As of this writing, the tail is at:

Apr 19 23:08:01 bast3002 prometheus@ops[32101]: time="2018-04-19T23:08:01Z" level=info msg="620000 archived metrics checked." source="crashreco
Apr 19 23:08:01 bast3002 prometheus@ops[32101]: time="2018-04-19T23:08:01Z" level=info msg="630000 archived metrics checked." source="crashreco
Apr 19 23:08:01 bast3002 prometheus@ops[32101]: time="2018-04-19T23:08:01Z" level=info msg="640000 archived metrics checked." source="crashreco
Apr 19 23:08:02 bast3002 prometheus@ops[32101]: time="2018-04-19T23:08:02Z" level=info msg="650000 archived metrics checked." source="crashreco

[also, I've downtimed all the esams-specific prometheus-based alerts in icinga for 24h now (varnish child-counting checks and pybal bgp checks)]

Crash recovery appears to have completed at about 23:10:33 and things came back online.

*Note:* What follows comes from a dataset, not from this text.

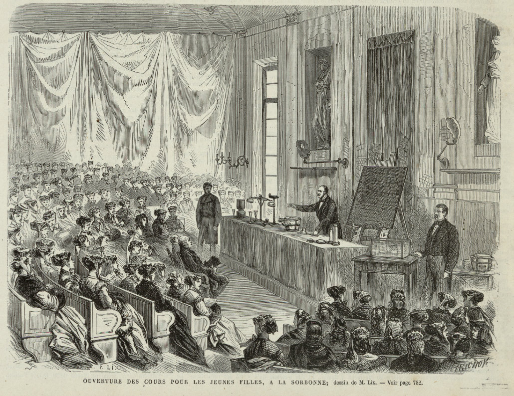 Créés en 1867 par Victor Duruy, les premiers cours secondaires à destination des jeunes filles rencontrent l’opposition farouche des milieux cléricaux et ne survivent pas à la chute du Second Empire.

We'll see if it remains stable. Leaving the downtimes in place to avoid more spamming of IRC.

Thanks @BBlack for taking a look! Looks like an "heavy" query from varnish-failed-fetches drove disk utilization to 100% starting at 04/19T22:17 and things snowballed from there, with the icinga spam starting at 22:30. I suspect the disk (singular, sdb isn't in the array as per T169035) was busy loading the requested timeseries.

Unpacking the issues I see so far:

  1. CRITICAL vs UNKNOWN from check_prometheus_metric when running into a timeout, I'd argue CRITICAL is more visible but the resulting icinga spam isn't really a good thing so it makes sense to switch to UNKNOWN instead.
  2. Slow shutdown, this is expected as data is checkpointed and flushed to disk, possibly longer than usual given the disk was busy.
  3. Prometheus bailing/timing out on loading many series from disk and/or for long timespans. AIUI this is better/fixed in Prometheus 2 (upgrade task is T187987)

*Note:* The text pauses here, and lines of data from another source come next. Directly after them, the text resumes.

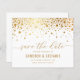 Invite a la familia y amigos a su boda con este elegante personalizable, guarde la tarjeta plana de fecha. Presenta falsos puntos de Relieve metalizado dorado, escritura elegante y tipografía simple. Personalice esta versión moderna para guardar la tarjeta de fecha agregando nombres, fecha y otros detalles. Este falso Relieve metalizado de oro salva la tarjeta de fecha es perfecta para cualquier tema boda o temporada.
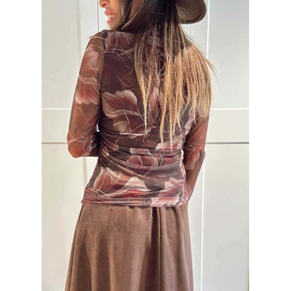 Cuerpo Tul Estampado Hojas AETHER Marrón
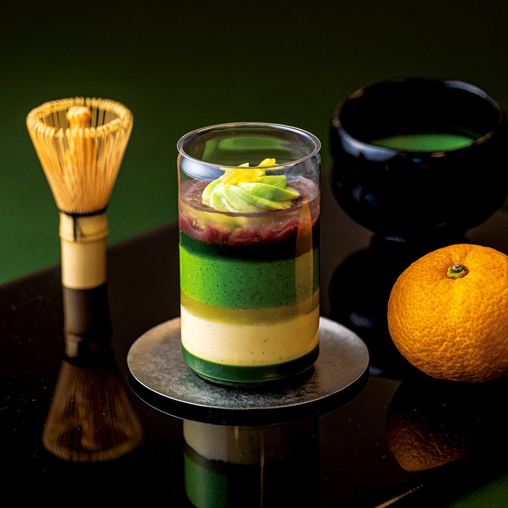 層の数だけ、抹茶の味わいに変化が訪れる魅惑のスイーツ「Petitパフェ抹茶」。 京都水尾の実生栽培柚子で仕上げたゼリーと、茶寮都路里のホイップ、小豆が重なり合い生まれる和洋の垣根を超えた爽やかな甘味をお楽しみいただけます。そして、祇園辻利厳選抹茶を使用した濃厚抹茶ジュレと相性の良いミルキーなムースによって、最後まで香り引き立つスイートな仕上がりに。

Actionables in the short term:

  1. Timeouts in check_prometheus_metric should result in UNKNOWN
  2. Audit varnish-failed-fetches to load less time series

Change 428725 had a related patch set uploaded (by BBlack; owner: BBlack):
[operations/puppet@production] s/CRITICAL/UNKNOWN/ for icinga->prometheus fetch/decode errors

https://gerrit.wikimedia.org/r/428725

Change 428725 merged by BBlack:
[operations/puppet@production] s/CRITICAL/UNKNOWN/ for icinga->prometheus fetch/decode errors

https://gerrit.wikimedia.org/r/428725

We haven't seen this reoccurring afaik, also we're upgrading to Prometheus 2.6, tentatively resolving.